Он хотел ее упрекнуть за эти слова, но спохватился, промолчал, – уж очень фальшив был бы его упрек.

– Чепыжин тебе звонил, – сказала Людмила Николаевна.

Он посмотрел на часы.

– Вечером вернусь пораньше и позвоню ему. Между прочим, вероятно, я опять полечу на Урал.

– Надолго?

– Нет. Дня на три.

Он спешил, впереди был большой день.

Работа была большая, дела большие, государственные дела, а собственные мысли, словно в голове действовал закон обратной пропорциональности, были маленькие, жалкие, мелкие.

Женя, уезжая, просила сестру сходить на Кузнецкий мост, передать Крымову 200 рублей.

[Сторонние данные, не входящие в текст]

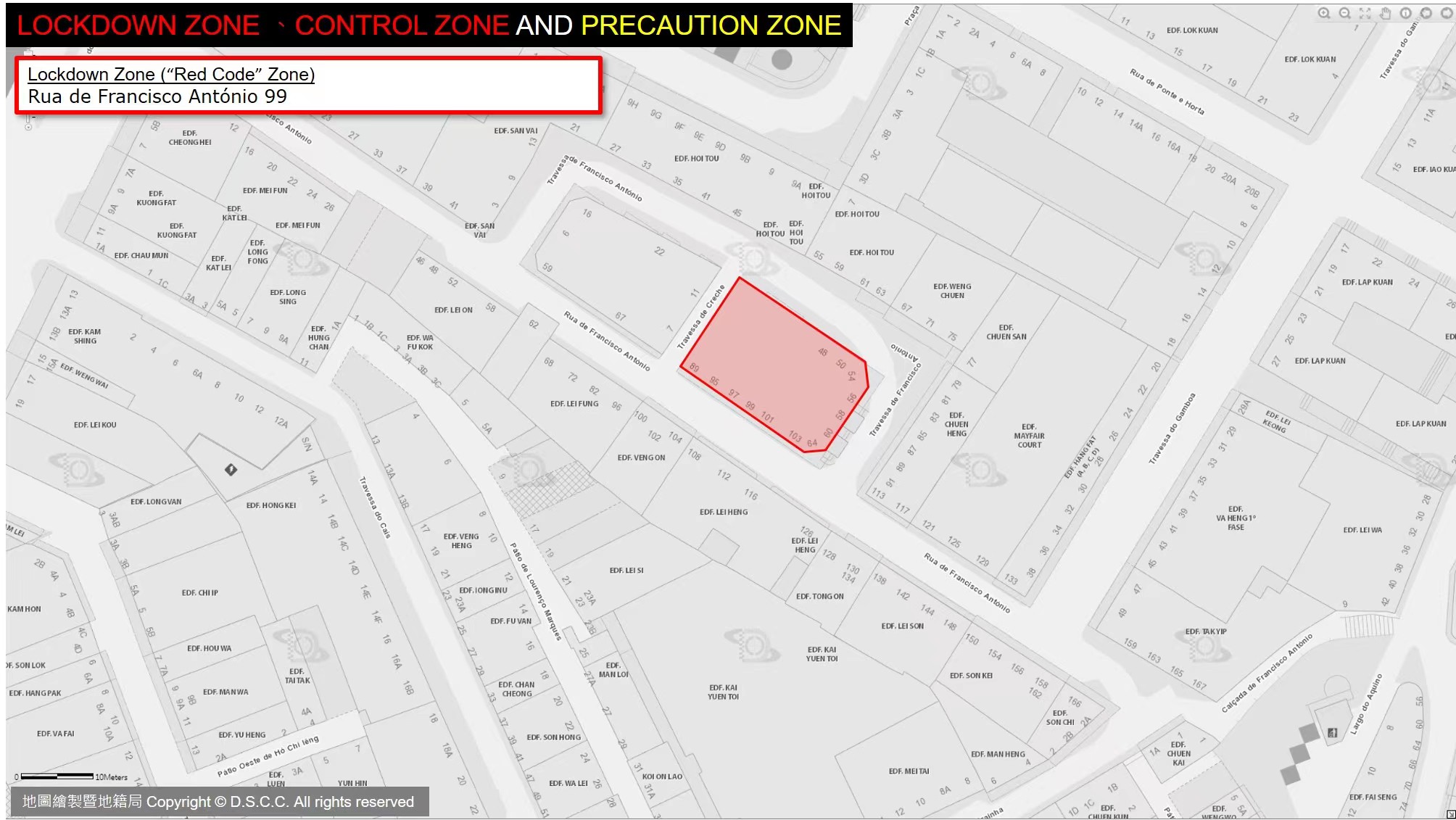 EDF. SAN MEI ON: Rua Cinco do Bairro da Areia Preta 16-28, Rua Dois do Bairro da Areia Preta 55-67, Rua Três do Bairro da Areia Preta 56-68 |

– Людмила, – сказал он, – надо передать деньги, о которых просила Женя, ты, кажется, срок пропустила.

Он сказал это не потому, что тревожился о Крымове и о Жене. Он сказал это, подумав, что небрежность Людмилы может ускорить Женин приезд в Москву. Женя, находясь в Москве, начнет писать заявления, письма, звонить по телефону, превратит квартиру Штрума в базу для тюремно‑ прокурорских хлопот.

Штрум понимал, что мысли эти не только мелкие и жалкие, но и подлые. Стыдясь их, он торопливо сказал:

– Напиши Жене. Пригласи ее от своего и моего имени. Может быть, ей нужно быть в Москве, а ехать без приглашения неловко. Слышишь, Люда? Немедленно напиши ей!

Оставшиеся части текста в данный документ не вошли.